Deviation between magnetic quantum- and Lifshitz- critical point in electron doped cuprate Pr_1-xLaCe_xCuO_4-δ

Since high-T_c superconductivity in copper oxide (cuprate) and Fe-based material arises near the anti-ferromagnetic (AF) order phase boundary, relation between the magnetic quantum criticality and superconductivity has attracted extensive interest. On the other hand, there is an argument in many novel superconductors that the key role in inducing superconductivity is played by Lifshitz transition which leads to Fermi surface transformation without symmetry breaking.

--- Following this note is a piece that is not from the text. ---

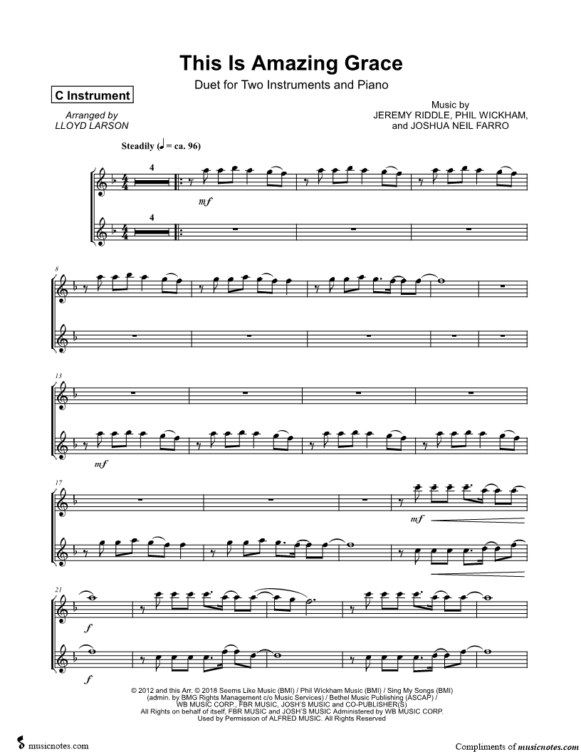 This Is Amazing Grace - C Instrument Duet |
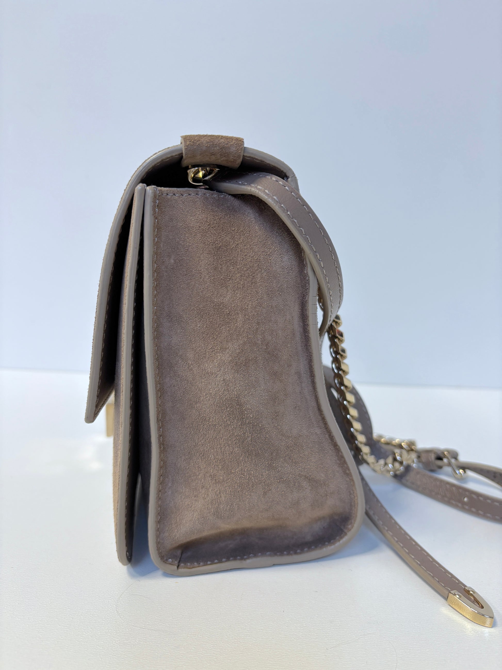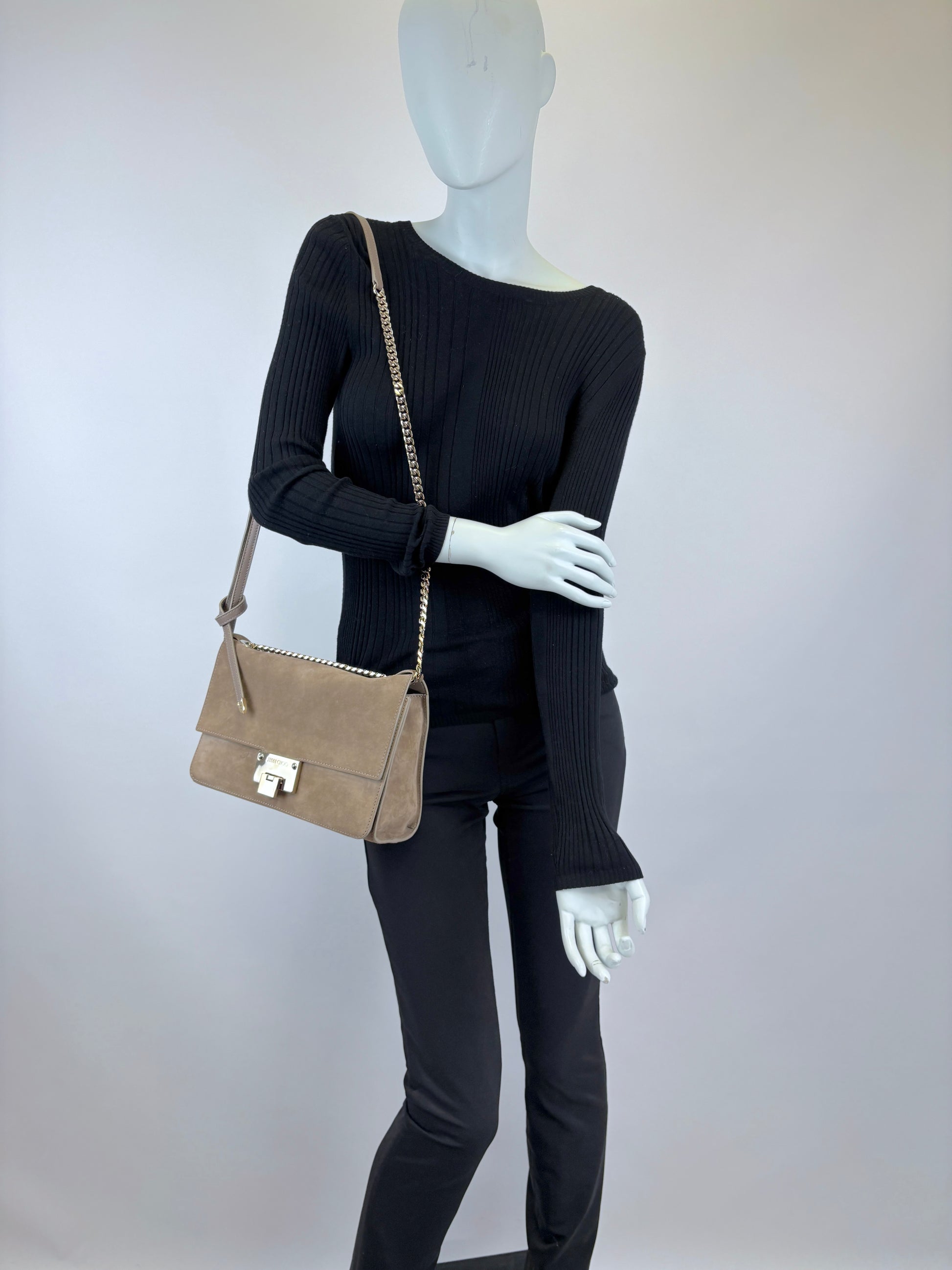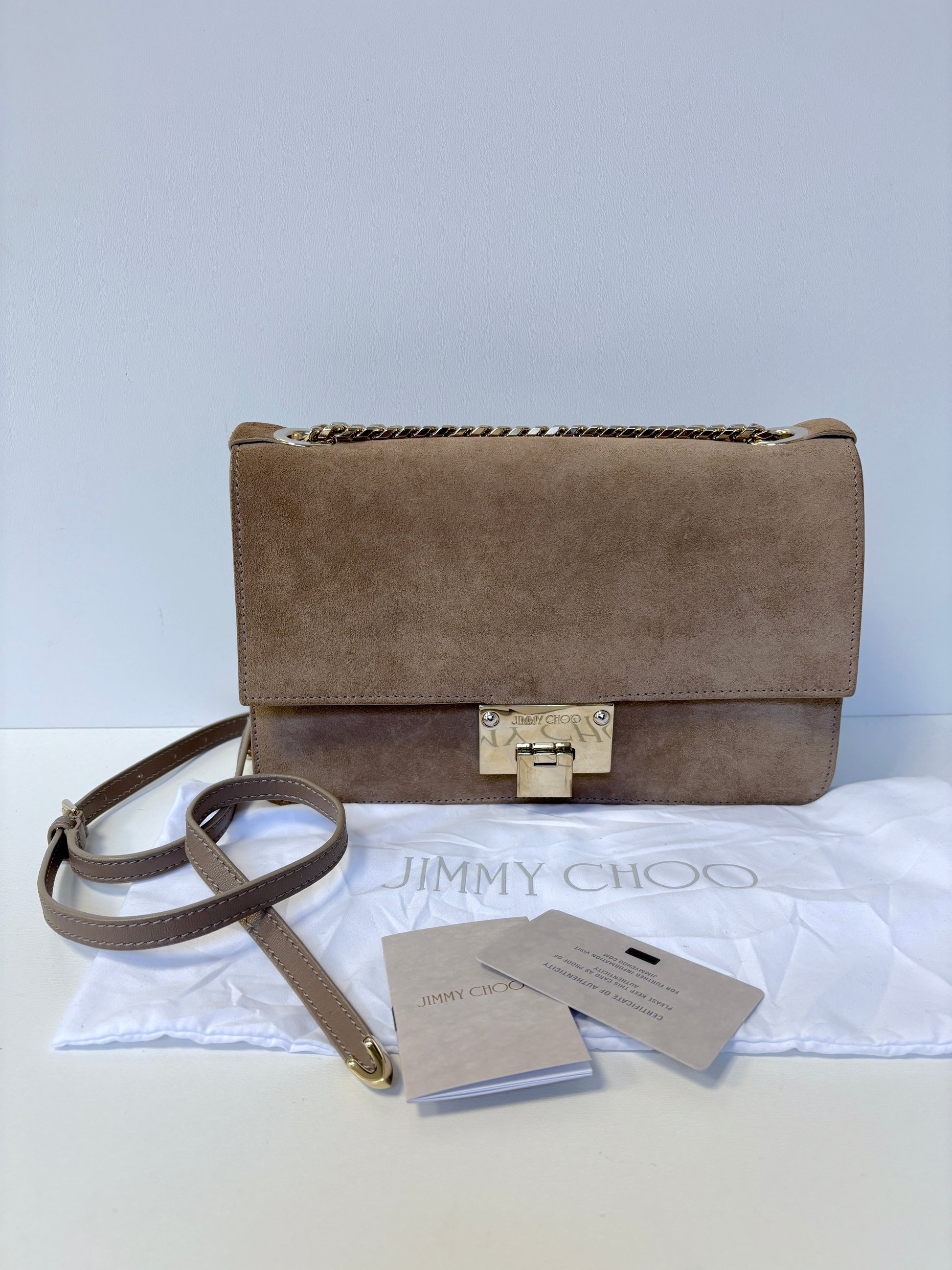 Jimmy Choo brown suede "Rebel" shoulder bag.

We performed systematic doping and temperature dependent muon spin rotation (μSR) measurement and angle resolved photoemission spectroscopy (ARPES) on the electron-doped cuprate Pr_1-xLaCe_xCuO_4-δ in order to resolve the interplay among the magnetic quantum criticality, Lifshitz criticality, and superconductivity. Surprisingly, while the long-range AF order phase boundary is located around heavily under doped regime, the Lifshitz transition associated with nodal hole pocket takes place in the vicinity of optimal doping concentration. In this talk, we will present the magnetic and electronic phase diagram of electron doped cuprate Pr_1-xLaCe_xCuO_4-δ, and discuss the implication of our results on the generic phase diagram of high-T_c superconductors.